The Merger Agreement provides that Tidewater and GulfMark may mutually agree to terminate the Merger Agreement before completing the Transactions. In addition, either party may decide to terminate the Merger Agreement if: (i) the Transactions are not consummated by January 31, 2019, subject to possible extension under circumstances described in the Merger Agreement; (ii) a court or other governmental entity issues a final, non-appealable order permanently prohibiting the Transactions; (iii) GulfMark’s stockholders fail to adopt the Merger Agreement; (iv) Tidewater’s stockholders fail to approve the issuance of Tidewater Common Stock; (v) a Triggering Event (as defined in the Merger Agreement) occurs by the other party; or (vi) the other party breaches its representations and warranties or covenants in a way that would entitle the party seeking to terminate the Merger Agreement not to consummate the Transactions, subject to the right of the breaching party to cure the breach within 30 days.

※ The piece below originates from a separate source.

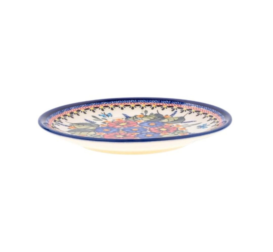 Ceramiczny talerz śniadaniowo-deserowy o średnicy 19,5 cm, dekorowany sielskim motywem fiołków.

In addition, one party may be required to pay a termination fee to the other party ($35 million by Tidewater to GulfMark or $13 million by GulfMark to Tidewater) if the Transactions are not consummated under certain circumstances, including: (i) its board of directors fails to recommend that its stockholders adopt the Merger Agreement (in the case of GulfMark) or approve the issuance of shares of Tidewater Common Stock under applicable New York Stock Exchange rules (in the case of Tidewater); (ii) its board of directors takes (or fails to take) certain actions that indicate a lack of support for the Transactions; (iii) it enters into or consummates an alternative transaction within one year following termination of the Merger Agreement (either as a result of reaching the Merger Agreement’s end date or due to a stockholder “no” vote in a situation where a specified alternative transaction was previously disclosed prior to such termination and not withdrawn); and (iv) it materially breaches its non-solicitation obligations resulting in an acquisition proposal or it materially breaches the stockholder meeting covenant.

This description of the Merger Agreement does not purport to be complete and is qualified in its entirety by reference to the full text of the Merger Agreement, a copy of which is attached as Exhibit 2.1 to, and is incorporated by reference into, this Current Report on Form 8-K.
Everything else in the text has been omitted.